Benign prostatic hyperplasia (BPH) is a common disease in middle and old aged men and may significantly affect the quality of life[1, 2]. An estimated 50% of men have histologic evidence of BPH by age 50 and 75% by age 80; in 40–50% of these men, BPH becomes clinically significant[3]. It increases the risk of lower urinary tract symptoms (LUTS), which can be categorized into filling/irritative symptoms (increased urinary urgency and frequency, painful urination, and excessive passage of urine at night) and obstructive symptoms in voiding (poor stream, hesitancy, incomplete voiding, terminal dribbling, and overflow incontinence)[4, 5]. The pathophysiology of BPH, although not fully elucidated, associated with prostate gland overgrowth as a result of androgenic stimulation (static component) and increased adrenergic tone (dynamic component) leading to smooth muscle contraction[6]. Therefore, the anti-BPH drugs can be broadly divided into anti-androgenic drugs (mainly prostate 5α-reductase inhibitors) and anti-adrenergic drugs (mainly α1-adrenergic receptors (α1-AR) antagonists)[7, 8].

In order to test new anti-BPH drugs, BPH animal models are necessary for in vivo efficacy studies. However, spontaneous BPH is rare in species other than man. It has only been described in the dog and chimpanzee[9, 10]. Spontaneous BPH could be observed in male dogs with a prevalence of 16% by age 2, and 50% by age 4–5[11]. Since many features in BPH dogs resemble that in man, old dogs with spontaneous BPH have been used for the study of BPH and to evaluate anti-BPH drugs[12]. Due to the low availability and high cost of old dogs, several in vivo experimental BPH models have been developed in other species by hormonal induction, xenografting or transgenic methods[12].
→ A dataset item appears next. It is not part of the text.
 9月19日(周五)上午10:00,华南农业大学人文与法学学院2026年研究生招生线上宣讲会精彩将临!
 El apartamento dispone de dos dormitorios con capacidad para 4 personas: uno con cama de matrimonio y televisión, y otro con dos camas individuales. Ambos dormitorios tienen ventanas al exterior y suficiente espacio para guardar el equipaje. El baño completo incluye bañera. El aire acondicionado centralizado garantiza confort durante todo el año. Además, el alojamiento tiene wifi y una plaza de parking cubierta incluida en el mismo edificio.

The BPH rat models have been induced by hormones, including androgenic, estrogenic, and progestational hormones [13, 14]. Xenograft models have also been established with cells derived from human BPH tissue culture and primary surgical specimens, which were implanted subcutaneously in immune-deficient rats or mice[15]. Transplants displayed histologically typical BPH acini and stroma[16]. Genetic engineering techniques have also been used in BPH research in recent years. Prolactin transgenic mice develop a significant enlargement in the prostate, which shows similar pathological condition to human BPH[17]. Using transgenic mice, androgen receptor, insulin-like growth factor-1 and a number of other growth hormones have been found to play roles in BPH[18]. These models are typically used to test drugs that can prevent hyperplasia or reduce the size of the prostate.
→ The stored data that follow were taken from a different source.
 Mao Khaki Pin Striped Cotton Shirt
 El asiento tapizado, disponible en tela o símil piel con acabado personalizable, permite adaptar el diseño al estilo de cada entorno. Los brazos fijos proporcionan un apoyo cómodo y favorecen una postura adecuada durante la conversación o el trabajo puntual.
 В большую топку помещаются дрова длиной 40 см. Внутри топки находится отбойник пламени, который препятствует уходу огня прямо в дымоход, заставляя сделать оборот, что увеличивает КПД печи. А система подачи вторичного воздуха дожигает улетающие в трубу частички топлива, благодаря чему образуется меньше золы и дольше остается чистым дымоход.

For α1-AR antagonists, their main therapeutic effect is to easy the voiding or obstructive symptoms caused by enlarged prostate. Thus their in vivo efficacies were commonly evaluated in rat bladder outlet obstruction (BOO) model established by partial ligature of the proximal urethra[19]. However, apart from the outlet obstruction, the BOO model does not resemble real BPH. It would be interesting to evaluate α1-AR antagonists in a model more resemble human BPH, such as a hormonal induced rat BPH model. In addition, we would also like to see whether young adult male dogs could be induced to develop BPH with hormone, and could this model be used to evaluate the effect of α1-AR antagonist.

Materials and methods

Animals

Sprague–Dawley rats were purchased from Shanghai Sippr-BK Laboratory Animal Co. Ltd. All rats were raised on a 12 hours dark/light cycle with 3–4 rats in one cage under specific pathogen free condition. Beagle dogs were purchased from the Experimental Animal Institution, Shanghai Jiaotong University Shanghai Sippr-BK Laboratory Animal Co. Ltd. All dogs were raised on a 12 hours dark/light cycle with 1 dog in one cage under clean grade condition.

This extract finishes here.